You are viewing a plain text version of this content. The canonical link for it is here.
Posted to commits@airflow.apache.org by el...@apache.org on 2022/09/19 18:49:11 UTC

[airflow] branch main updated: EMR Serverless Fix for Jobs marked as success even on failure (#26218)

This is an automated email from the ASF dual-hosted git repository.

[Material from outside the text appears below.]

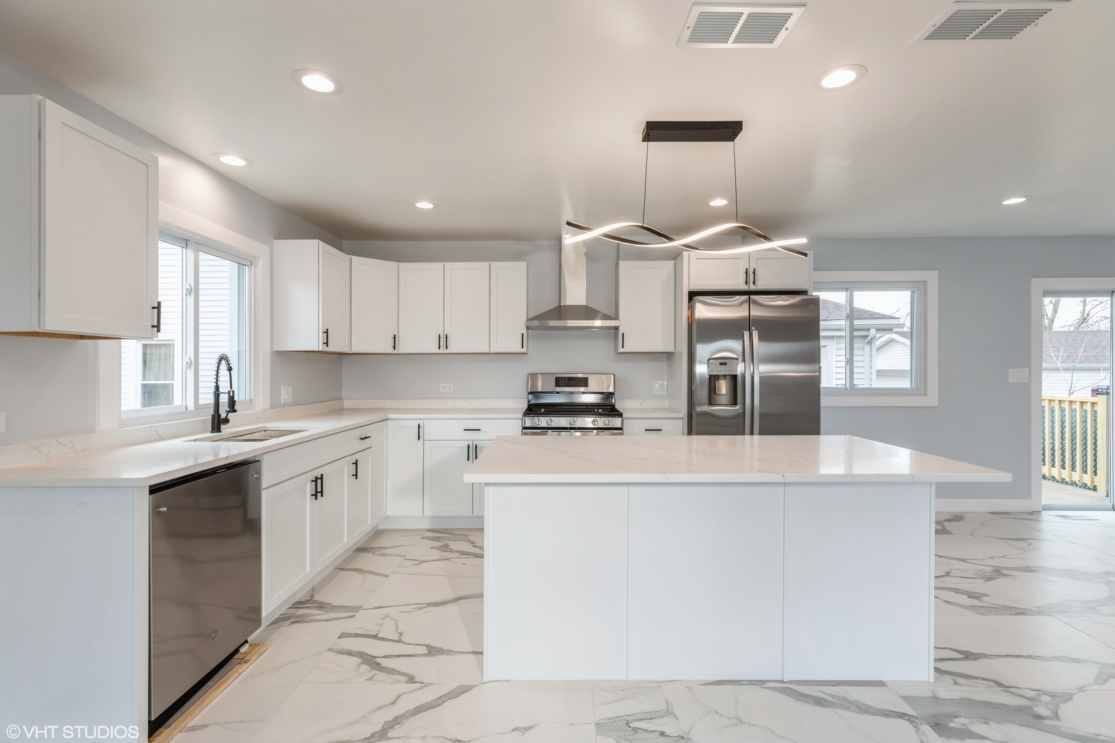 SHOWINGS ARE STILL AVAILABLE BY APPOINTMENT Fully Renovated Gem offered for sale or for rent ($4900 monthly rent short term will be considered). Welcome to your dream home! This stunning property has undergone a complete gut rehab with permits, ensuring top-notch quality and craftsmanship. Everything from the electric and plumbing to the HVAC, furnace, and roof for both the house and garage has been meticulously redone. Step inside to discover a spacious layout boasting 5 bedrooms and 3 bathrooms, including a luxurious master suite with its own bathroom and walk-in closet. The finished walk out basement adds even more living space, perfect for entertaining or relaxing with family and friends. Enjoy the convenience of brand new appliances, including a washer and dryer. Modern, open-concept kitchen and dining area. The living room features a cozy fireplace and gleaming hardwood floors, adding warmth and charm to the space. Located in a highly desirable neighborhood, this home offers the perfect blend of comfort, style, and convenience. Large fenced yard and a 2 car garage with a second floor makes a perfect “man cave” Don’t miss out on the opportunity to make it yours! Tenant occupied lease ends end of august.

eladkal pushed a commit to branch main
in repository https://gitbox.apache.org/repos/asf/airflow.git


The following commit(s) were added to refs/heads/main by this push:
     new 8f1c78f6e0 EMR Serverless Fix for Jobs marked as success even on failure (#26218)
8f1c78f6e0 is described below

commit 8f1c78f6e08b184004b5b4f1f4b0eafa1d08aef3
Author: syedahsn <10...@users.noreply.github.com>
AuthorDate: Mon Sep 19 12:48:39 2022 -0600

    EMR Serverless Fix for Jobs marked as success even on failure (#26218)
    
    * Change desired state in EmrServerlessStartJobOperator to SUCCESS_STATES rather than TERMINAL_STATES. This makes it so that the task is marked as a failure if the job doesn't run successfully.
    
    * Define states in hook instead of Sensor.
    Add test to cover job failure exception.
    
    * Use APPLICATION_SUCCESS_STATES instead of JOB_SUCCESS_STATES to allow tests to pass.
---
 airflow/providers/amazon/aws/hooks/emr.py          |  9 ++++++
 airflow/providers/amazon/aws/operators/emr.py      | 17 ++++++------
 airflow/providers/amazon/aws/sensors/emr.py        | 17 +++---------
 .../amazon/aws/operators/test_emr_serverless.py    | 32 ++++++++++++++++++++++
 4 files changed, 53 insertions(+), 22 deletions(-)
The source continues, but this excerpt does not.